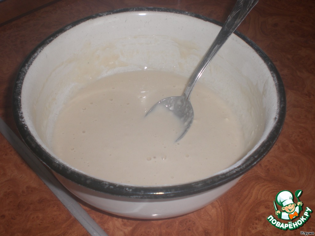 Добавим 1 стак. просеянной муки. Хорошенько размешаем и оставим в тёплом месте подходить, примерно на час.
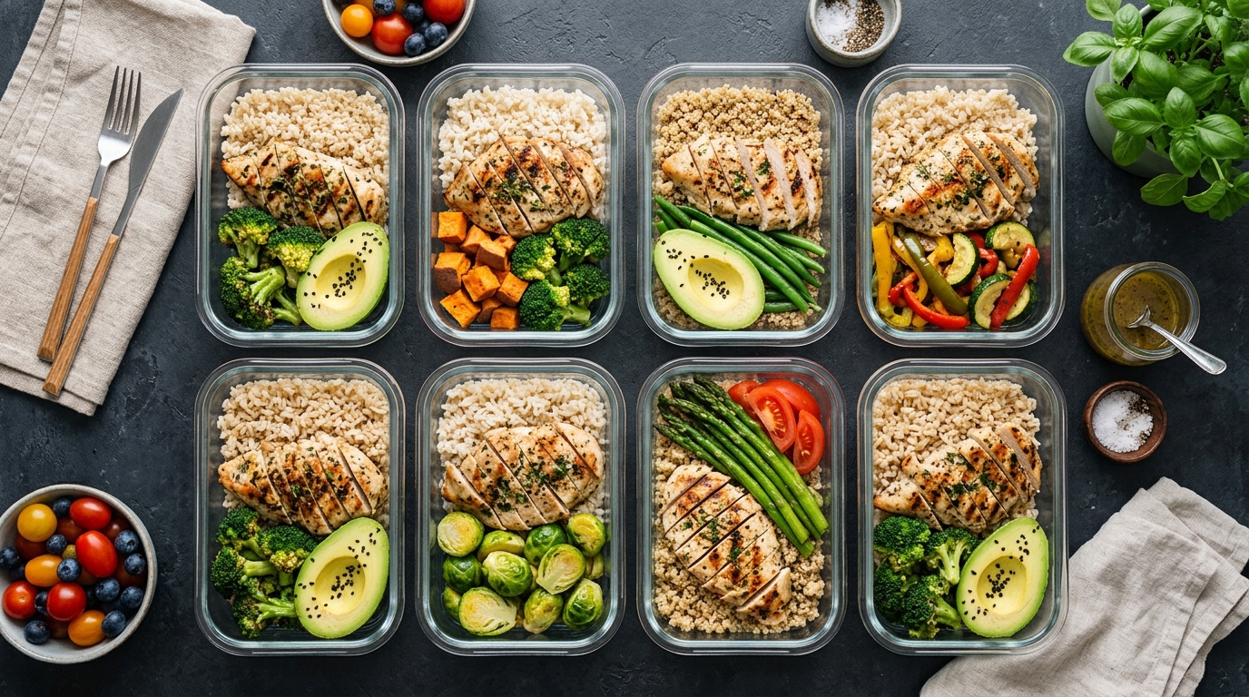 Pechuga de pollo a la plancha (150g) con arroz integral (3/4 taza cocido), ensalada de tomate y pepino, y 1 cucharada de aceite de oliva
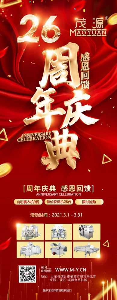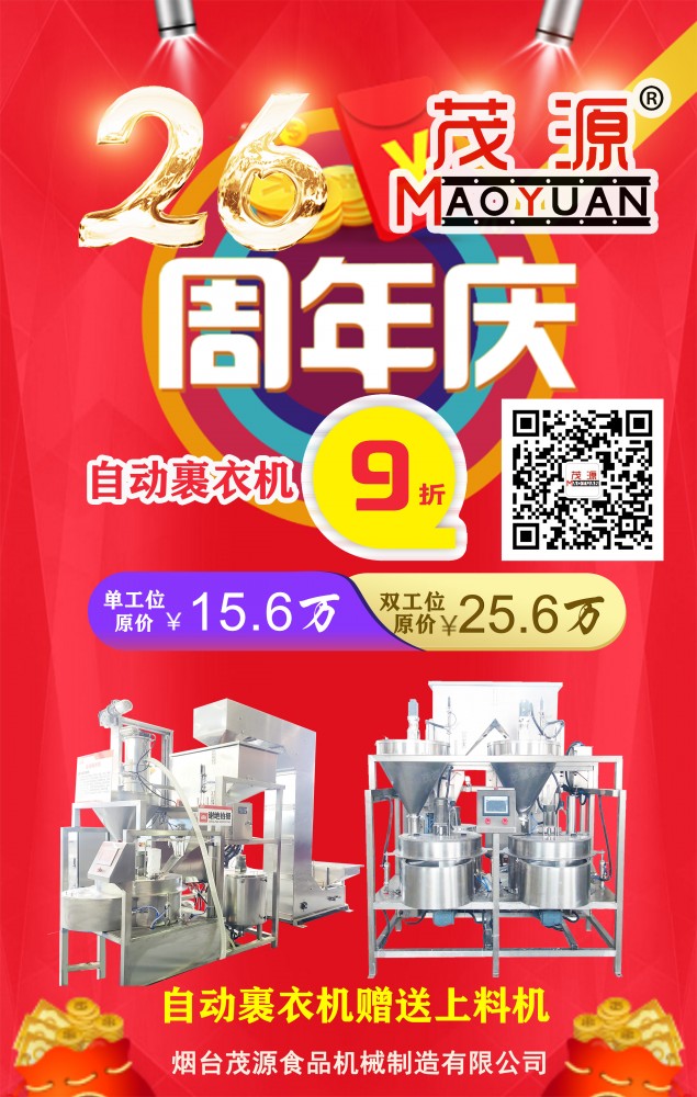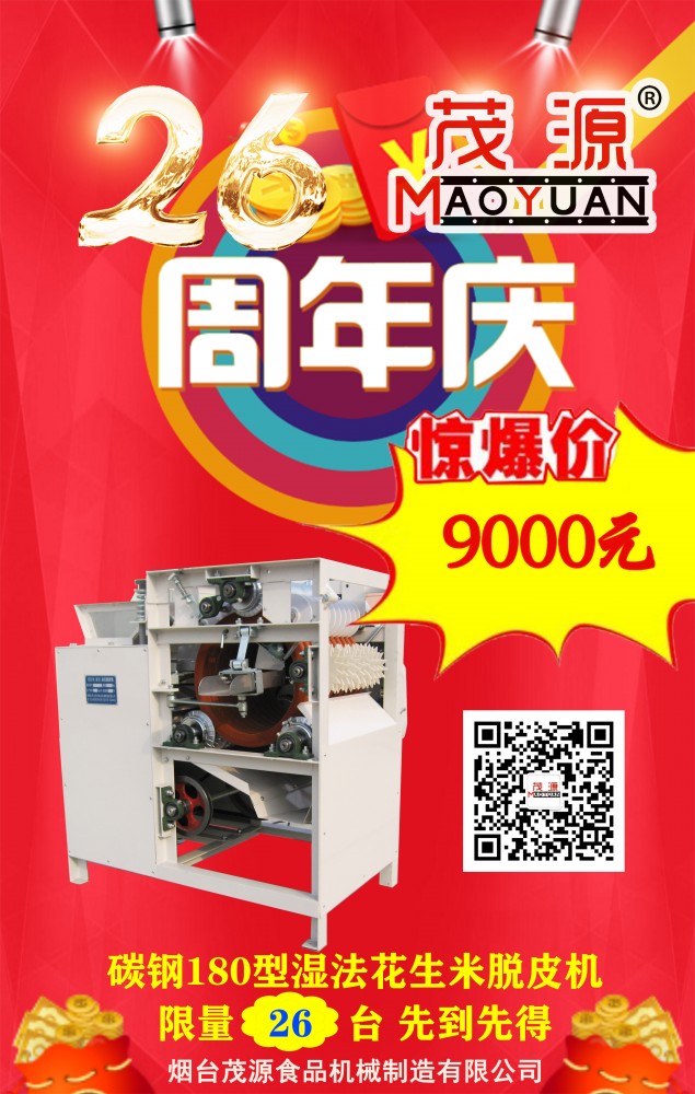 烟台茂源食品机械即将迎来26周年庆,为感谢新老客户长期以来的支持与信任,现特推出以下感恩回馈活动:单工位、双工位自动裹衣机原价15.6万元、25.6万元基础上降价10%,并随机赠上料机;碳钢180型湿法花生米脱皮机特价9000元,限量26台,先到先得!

──────────────────────────────

* WHAT THE TASK ASKS *
Leave every picture out and write out exactly the lines from the line with "Pechuga de pollo" through the last line of the material.

* REPLY TO THE EXERCISE *
 Pechuga de pollo a la plancha (150g) con arroz integral (3/4 taza cocido), ensalada de tomate y pepino, y 1 cucharada de aceite de oliva
 烟台茂源食品机械即将迎来26周年庆,为感谢新老客户长期以来的支持与信任,现特推出以下感恩回馈活动:单工位、双工位自动裹衣机原价15.6万元、25.6万元基础上降价10%,并随机赠上料机;碳钢180型湿法花生米脱皮机特价9000元,限量26台,先到先得!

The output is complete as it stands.